“Dolce far niente” – The sweetness of doing nothing
Surely many of you watched the movie “Eat, pray, love”. I watched it myself maybe…50 times. I bet most women would love to search for themselves in paradises like Elizabeth Gilbert. Carefree discovering cultures in solitude. That’s what I imagined. I started to like her, Rome. Lonely, delicious dinners and long walks in ruins bored me after a week.
My Roman holiday did not last long. I even accepted additional 4 kilograms on me as Elizabeth advised, “You have to love your muffin top“. Unfortunately, I didn’t travel to India. I don’t like walking on cows shit and meditating all day long. Forgive me, Elizabeth.
My Balinese Diary:
However, I flew to Bali. It was a sponsored trip to the popular Indonesian Island by my Sugar Daddy. My dream come true. Momondo always said that the tickets there, were out of my financial range. I accepted it. I imagined myself biking through the jungle and opening up my soul with the help of spiritual guru. I was completely out of touch with reality.
I flew there with the Emirates, of course, fancy traveling. The brutal realisation was waiting for me at the destination. My Sugar Daddy had to stay in Europe for one week more. You know, business obligations. It was only 7 days in a completely foreign culture, Elisabeth spent months here “You’ve got this“, I told myself.
Next reality check was: Bali didn’t look as I imagined. Noise, pollution, tourists, motorcycles – shortly, chaos. “How will I find myself here? How do I find peace of mind?“ I questioned myself. My daddy parked me in a middle-class hotel, how snazzy. Poor AC and sticky rice, anytime, day or night. Okay, I will stop complaining. I was on one of the most beautiful Indonesian Islands. No worries, no bonds, freedom. I spent the week on exploring the city and testing myself. I had many moments of weakness. I lost myself, I sunburned and made friends with the cockroach. I did not find peace of mind, but I survived.
He came. When I saw him at the airport I almost melted. Not because it was 35 degrees Celsius. He was so nubile.
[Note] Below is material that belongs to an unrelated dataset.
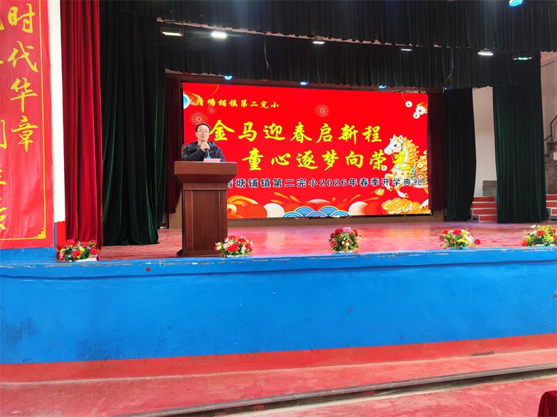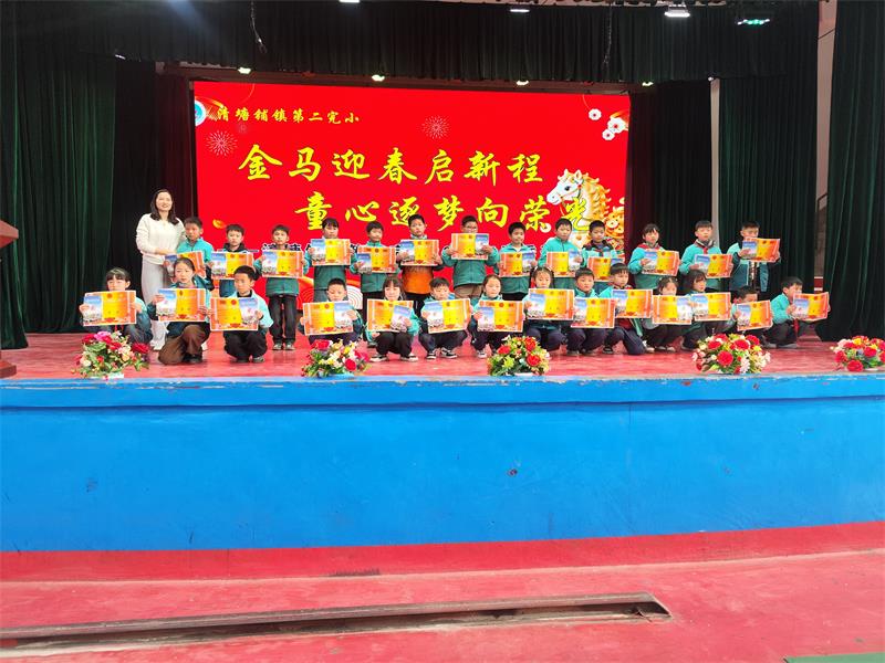本网讯 3月12日,清塘铺镇第二完小全体师生齐聚风雨球场,举行了以“金马迎春启新序 童心筑梦向荣光”为主题的开学盛典,场面隆重热烈,幸福温馨。 在庄严的国歌声中,全体师生肃立注目,少先队员行队礼。 该校校长廖献军为典礼致辞。廖献军全面回顾了该校上学期取得的诸多成绩:“县经典诵读获一等奖”“县建制班合唱比赛一等奖”“益阳市书香校园”…… 希望大家在新学期争做勇敢自信的“小骏马”、奋力拼搏“千里马”,不断超越自我,争创佳绩。 教导主任谭米玲宣读了授奖名单,一大批优秀班级和寒假社会实践活动积极分子受到了表彰。孩子们手捧鲜艳的奖状,接过老师精心准备的甘蔗、芒果等有趣的奖品,脸上洋溢着幸福与自豪。 即将毕业的龙筱雅同学登台发言:她表示一定不负韶华,不负时代,为祖国的富强而发奋学习。 开学典礼还在场外展示了孩子们精美的手工制作,一幅幅以马年为主题的作品上,栩栩如生的骏马,博大精深的龙马精神,让人流连,催人奋进。 初审初校:杨卫 复审复校:龙艳萍 终审终校:廖献军

Tall, tanned, muscular, enchanting and energetic ( the list is longer). His blue-ish eyes were like the ocean on Phi Phi Islands. His mesmerising, white smile was enticing. He was a magnificent lover, passionate but not pushy. However, I could not fall in love. That was an agreement between us. Means, I could but I had to hide it. He didn’t want to be attached, he wanted to live life like there was no tomorrow. His wish was my command. I was a wonderful company in social life, in bed, and in conversation. I was open like a book. I had to, I wanted to experience unforgettable moments that will accompany me forever. Half of you are outraged now and thinking “you sold yourself”. I will explain something, I didn’t sell myself. I sold my company.
In the following weeks, I experienced exploration, adventure, jungle, best tuna tartare in my life and smooth life of Sugar Baby in the journey. Smart Sugar Baby. Aware of her values and grounded in her mind. What are the aims of a typical Sugar Baby on exotic holiday? Sun-kissed skin, not sunburned. Zimmermann flowy dresses (now in fashion) and delicate Hawaiian- surfer style highlights in your hair. Blissfulness, delight in the views, the liquors, and his company. Your appreciation of every special moment that thanks to him, you can experience. Aspire for more than lounging on the beach. I know that exploring “tourist heavens” is not the best entertainment but show him that studying other cultures can be interesting. Especially when you wear a mini skirt and every man turns around for you, your daddy may feel like an alpha male. It will encourage him to walk, I swear.